Mükemmel olmadığımız için eğlenceli, mükemmel olmadığımız için çirkin ve de mükemmel olmadığımız için de her şeyde üstün ve yaratıcıyız…
Tek kelimeyle, bizler bu dünyanın anarşistleriyiz…
Şöyle bir dönüp etrafınıza bakın bakalım, her şeyimiz sahte değil mi?
Sahtekarlıkta insanlarımızın üstüne yoktur, evvel Allah her işin üstesinden şip-şak geliriz.

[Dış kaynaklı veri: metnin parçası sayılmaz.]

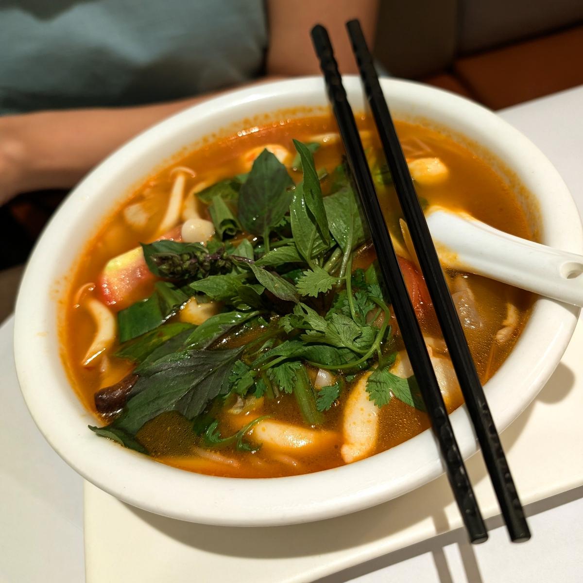 Decently tasty #tomyam #soup with no shortage of #shimeji #mushroom, #veganshrimp, or #evilweed 😏 Good, strong sourness to it, with the #lemongrass and #galangal both given starring roles 😋 We'd had the rice version of this before, now it was the turn of the #noodles / #beehoon 🙂 Fwiw I've always thought of tom yam as a noodles pairing

Yeter ki isteyelim, yeter ki vicdanımız elversin…
Hem de arkamızda onlarca ölü bırakarak…
Sahte ile yatıp sahte ile kalkıyoruz.
Neyimiz sahte değil ki Allah aşkına söyler misiniz?
İlacımız sahte
Paramız sahte
Pulumuz sahte
Ekmeğimiz sahte
Gıdalarımız sahte
Sahte maliyeci
Sahte polis
Sahte gazeteci
Sahte parfüm
Sahte evlilikler
Sahte aşklar
Sahte gülücükler
Sahte sevgililer
Sahte işyerleri
Sahte kredi kartları
Sahte konuşmalar
Sahte vefa
Sahte sakallar
Ve de sahte arkadaşlıklar…
Sıralamaya kalkarsak yerimiz yetmez…
Dedik ya her şeyimiz sahte…
Bu kadar sahtenin içinde bana en çok koyan ‘sahte vefa’ ile ‘sahte arkadaşlıklardır’.
O tertemiz masum gülücüklerin altında meğerse ne hinlikler yatarmış!..
Bazı zaman ekmeğini, bazı zaman ise cebindeki paranı bile bölüştüğün arkadaşlar…
Kuyunu kazmak için birbirleriyle yarış edenler…
Bunların bazılarının yüzüne baktığınızda bu hastalıklarının işaretlerini çizgilerinde görebiliyorsunuz…
Ama bazıları var ki, çok şaşırtıcı…
Onlar hastalıklarını sahte gülücükleriyle kamufle ediyorlar…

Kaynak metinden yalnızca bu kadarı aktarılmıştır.